Creates an interactive Folium map of EV charging sites in South Wales, colour-coded by operational status (green = operational, red = not, grey = unknown). Each marker includes a detailed hover tooltip displaying metadata such as town, power rating, current type, fast-charge capability, operator, last update, and coastal proximity.


In [None]:
import folium
import geopandas as gpd

# Normalize column names
ons.columns = ons.columns.str.lower()

# Standardize operational-related fields
column_map = {
    'isoperational': 'operational',
    'status': 'operational',
    'level.isfastchargecapable': 'fastcharge',
    'datelaststatusupdate': 'lastupdate'
}
for old, new in column_map.items():
    if old in ons.columns:
        ons.rename(columns={old: new}, inplace=True)

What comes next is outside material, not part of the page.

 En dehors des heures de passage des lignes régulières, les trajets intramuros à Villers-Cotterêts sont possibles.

# Drop rows missing coordinates
map_data = ons.dropna(subset=['latitude', 'longitude']).copy()

# GeoDataFrame
geometry = gpd.points_from_xy(map_data['longitude'], map_data['latitude'])
gdf = gpd.GeoDataFrame(map_data, geometry=geometry, crs="EPSG:4326")

# Add coastal flag
def is_near_sea(lat, lon):
    return (51.3 <= lat <= 51.7) and (lon <= -3.5)

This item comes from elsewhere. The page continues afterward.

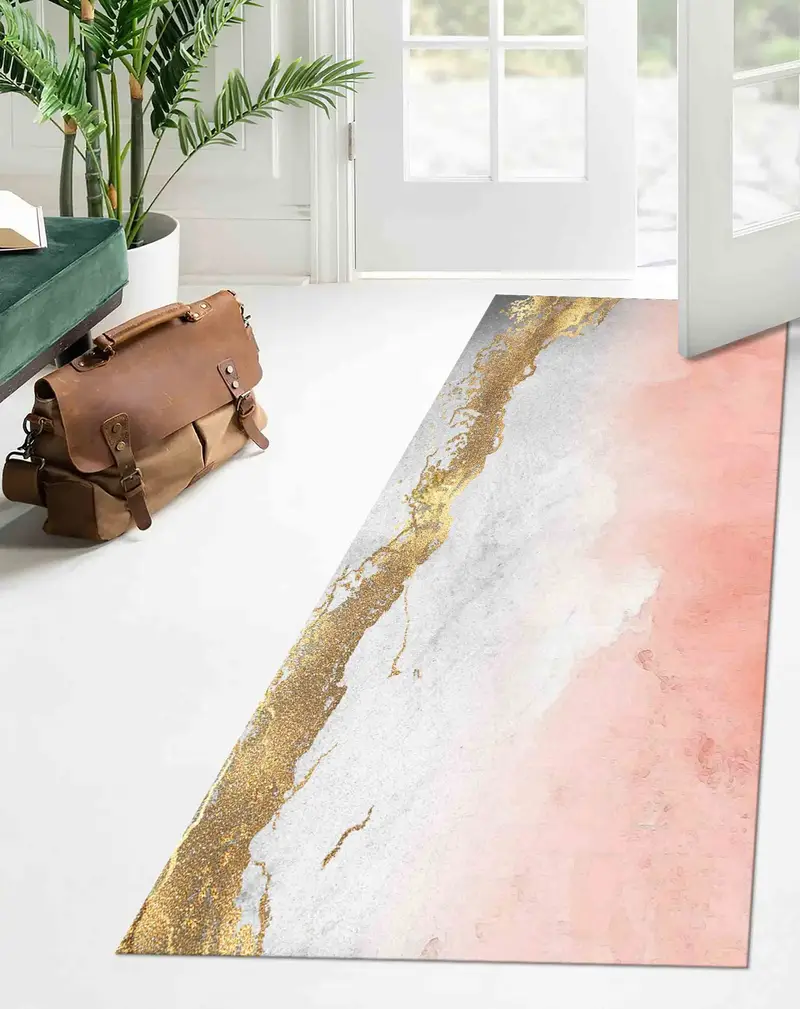 ピンクの大理石プリントラグ:豪華、ソフトトーン、現代的なデザイン

gdf['nearsea'] = gdf.apply(lambda row: is_near_sea(row['latitude'], row['longitude']), axis=1)

# Build map
m = folium.Map(location=[51.5, -3.1], zoom_start=9, tiles='CartoDB Positron')

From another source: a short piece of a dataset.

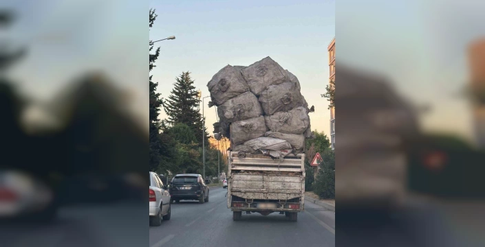 Büyük boyutlu çuvalların kamyonetin kasasından taşarak sarkması ve dengesiz bir şekilde üst üste yığılması, hem diğer sürücüler hem de yayalar için büyük bir risk oluşturdu. Görgü tanıkları, özellikle yoğun saatlerde şehir merkezinde böyle bir aracın dolaşmasının kabul edilemez olduğunu vurguladı.

# Auto-display all columns (except lat/lon/geometry)
excluded = {'latitude', 'longitude', 'geometry'}
hover_cols = [col for col in gdf.columns if col not in excluded]

for _, row in gdf.iterrows():
    status = str(row.get('operational', '')).lower()
    color = 'green' if status == 'yes' else 'red' if status == 'no' else 'gray'

    # Auto-format tooltip
    tooltip_html = ""
    for col in hover_cols:
        val = row.get(col)
        if pd.notnull(val):
            tooltip_html += f"<b>{col.title()}:</b> {val}<br>"

    folium.Marker(
        location=[row['latitude'], row['longitude']],
        popup=folium.Popup(tooltip_html, max_width=300),
        tooltip=row.get('town', row.get('name', 'Point')),
        icon=folium.Icon(color=color, icon='charging-station', prefix='fa')
    ).add_to(m)
m

🔽 **Sankey Diagram**

This code visualises the flow of EV charging points in South Wales (Cardiff, Swansea, Newport) using a pastel-coloured Sankey diagram. It traces each point from town, through operational status, precise location, power level, current type, and finally to its operator.

In [None]:
#  Install dependencies
!pip install plotly pandas

# Load CSV from Google Drive
import pandas as pd
import plotly.graph_objects as go

# Electric vehicle (EV) charging stations sourced from the Open Charge Map API
file_id = '1UAwZ6NoOXUtSA2Y-LEH6vCb-akPqdxz0'
url = f'https://drive.google.com/uc?id={file_id}'

df = pd.read_csv(url)

#  Clean & filter data
df = df.dropna(subset=['Town', 'IsOperational', 'PowerLevel', 'CurrentType', 'Operator', 'Latitude', 'Longitude', 'Postcode'])
df = df[df['Town'].isin(['Cardiff', 'Swansea', 'Newport'])]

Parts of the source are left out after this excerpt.